Copy the data that follows exactly, and include none of its images.
((
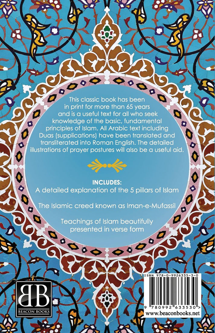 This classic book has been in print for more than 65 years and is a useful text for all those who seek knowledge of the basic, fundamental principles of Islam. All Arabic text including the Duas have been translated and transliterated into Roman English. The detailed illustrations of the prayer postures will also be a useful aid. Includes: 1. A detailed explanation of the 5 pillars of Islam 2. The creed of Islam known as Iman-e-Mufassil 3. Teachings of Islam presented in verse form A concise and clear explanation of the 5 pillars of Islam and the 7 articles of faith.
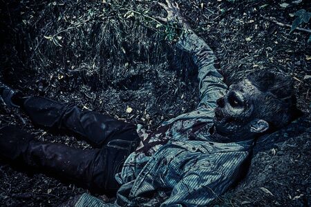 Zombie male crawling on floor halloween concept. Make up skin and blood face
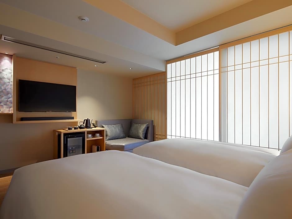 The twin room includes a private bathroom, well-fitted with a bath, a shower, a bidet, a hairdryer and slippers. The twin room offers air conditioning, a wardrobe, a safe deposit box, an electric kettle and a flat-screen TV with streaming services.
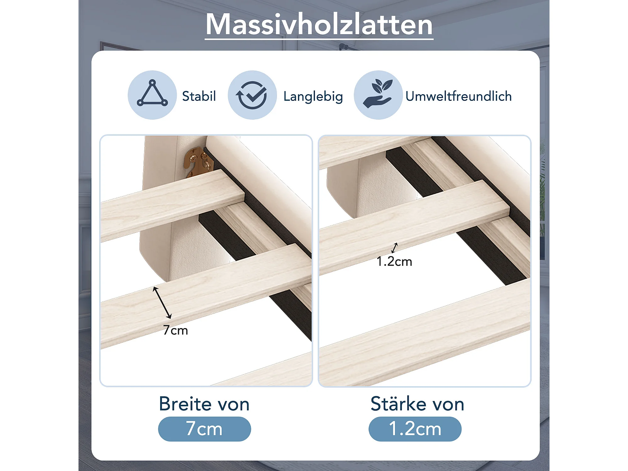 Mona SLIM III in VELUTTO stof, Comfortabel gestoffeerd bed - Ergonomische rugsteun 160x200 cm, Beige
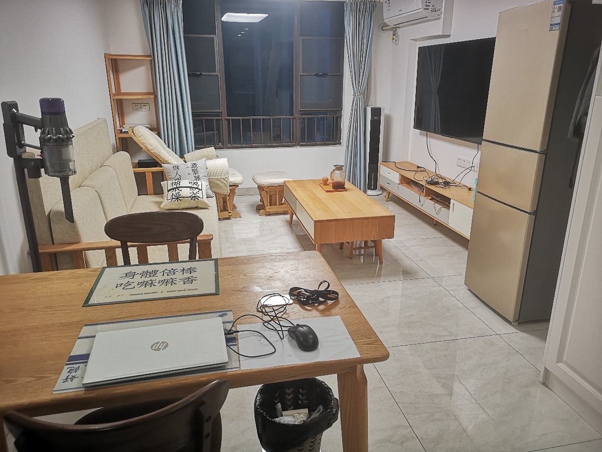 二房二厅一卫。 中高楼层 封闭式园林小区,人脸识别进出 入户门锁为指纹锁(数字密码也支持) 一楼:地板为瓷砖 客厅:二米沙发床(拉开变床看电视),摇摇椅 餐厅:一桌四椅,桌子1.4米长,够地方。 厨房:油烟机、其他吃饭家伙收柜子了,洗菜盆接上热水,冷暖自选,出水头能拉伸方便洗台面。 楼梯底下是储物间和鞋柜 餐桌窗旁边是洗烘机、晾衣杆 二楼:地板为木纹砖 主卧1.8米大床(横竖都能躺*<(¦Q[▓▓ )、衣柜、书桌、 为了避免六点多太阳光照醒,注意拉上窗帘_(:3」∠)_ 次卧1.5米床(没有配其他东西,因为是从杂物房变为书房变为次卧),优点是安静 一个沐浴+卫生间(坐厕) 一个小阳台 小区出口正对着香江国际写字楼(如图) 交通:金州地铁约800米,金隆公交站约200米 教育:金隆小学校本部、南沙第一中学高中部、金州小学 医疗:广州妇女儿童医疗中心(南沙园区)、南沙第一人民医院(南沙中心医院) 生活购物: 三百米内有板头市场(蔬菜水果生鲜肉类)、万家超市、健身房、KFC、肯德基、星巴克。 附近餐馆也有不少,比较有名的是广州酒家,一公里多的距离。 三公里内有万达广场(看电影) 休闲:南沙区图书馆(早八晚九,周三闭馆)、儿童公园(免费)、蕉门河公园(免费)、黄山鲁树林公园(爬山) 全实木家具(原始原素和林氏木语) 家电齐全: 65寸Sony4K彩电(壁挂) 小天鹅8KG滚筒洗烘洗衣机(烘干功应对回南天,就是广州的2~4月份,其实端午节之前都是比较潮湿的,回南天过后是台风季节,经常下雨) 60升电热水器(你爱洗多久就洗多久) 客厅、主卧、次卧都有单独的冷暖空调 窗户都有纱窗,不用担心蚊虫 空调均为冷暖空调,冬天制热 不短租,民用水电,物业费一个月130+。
))
**Answer to the exercise**
 This classic book has been in print for more than 65 years and is a useful text for all those who seek knowledge of the basic, fundamental principles of Islam. All Arabic text including the Duas have been translated and transliterated into Roman English. The detailed illustrations of the prayer postures will also be a useful aid. Includes: 1. A detailed explanation of the 5 pillars of Islam 2. The creed of Islam known as Iman-e-Mufassil 3. Teachings of Islam presented in verse form A concise and clear explanation of the 5 pillars of Islam and the 7 articles of faith.
 Zombie male crawling on floor halloween concept. Make up skin and blood face
 The twin room includes a private bathroom, well-fitted with a bath, a shower, a bidet, a hairdryer and slippers. The twin room offers air conditioning, a wardrobe, a safe deposit box, an electric kettle and a flat-screen TV with streaming services.
 Mona SLIM III in VELUTTO stof, Comfortabel gestoffeerd bed - Ergonomische rugsteun 160x200 cm, Beige
 二房二厅一卫。 中高楼层 封闭式园林小区,人脸识别进出 入户门锁为指纹锁(数字密码也支持) 一楼:地板为瓷砖 客厅:二米沙发床(拉开变床看电视),摇摇椅 餐厅:一桌四椅,桌子1.4米长,够地方。 厨房:油烟机、其他吃饭家伙收柜子了,洗菜盆接上热水,冷暖自选,出水头能拉伸方便洗台面。 楼梯底下是储物间和鞋柜 餐桌窗旁边是洗烘机、晾衣杆 二楼:地板为木纹砖 主卧1.8米大床(横竖都能躺*<(¦Q[▓▓ )、衣柜、书桌、 为了避免六点多太阳光照醒,注意拉上窗帘_(:3」∠)_ 次卧1.5米床(没有配其他东西,因为是从杂物房变为书房变为次卧),优点是安静 一个沐浴+卫生间(坐厕) 一个小阳台 小区出口正对着香江国际写字楼(如图) 交通:金州地铁约800米,金隆公交站约200米 教育:金隆小学校本部、南沙第一中学高中部、金州小学 医疗:广州妇女儿童医疗中心(南沙园区)、南沙第一人民医院(南沙中心医院) 生活购物: 三百米内有板头市场(蔬菜水果生鲜肉类)、万家超市、健身房、KFC、肯德基、星巴克。 附近餐馆也有不少,比较有名的是广州酒家,一公里多的距离。 三公里内有万达广场(看电影) 休闲:南沙区图书馆(早八晚九,周三闭馆)、儿童公园(免费)、蕉门河公园(免费)、黄山鲁树林公园(爬山) 全实木家具(原始原素和林氏木语) 家电齐全: 65寸Sony4K彩电(壁挂) 小天鹅8KG滚筒洗烘洗衣机(烘干功应对回南天,就是广州的2~4月份,其实端午节之前都是比较潮湿的,回南天过后是台风季节,经常下雨) 60升电热水器(你爱洗多久就洗多久) 客厅、主卧、次卧都有单独的冷暖空调 窗户都有纱窗,不用担心蚊虫 空调均为冷暖空调,冬天制热 不短租,民用水电,物业费一个月130+。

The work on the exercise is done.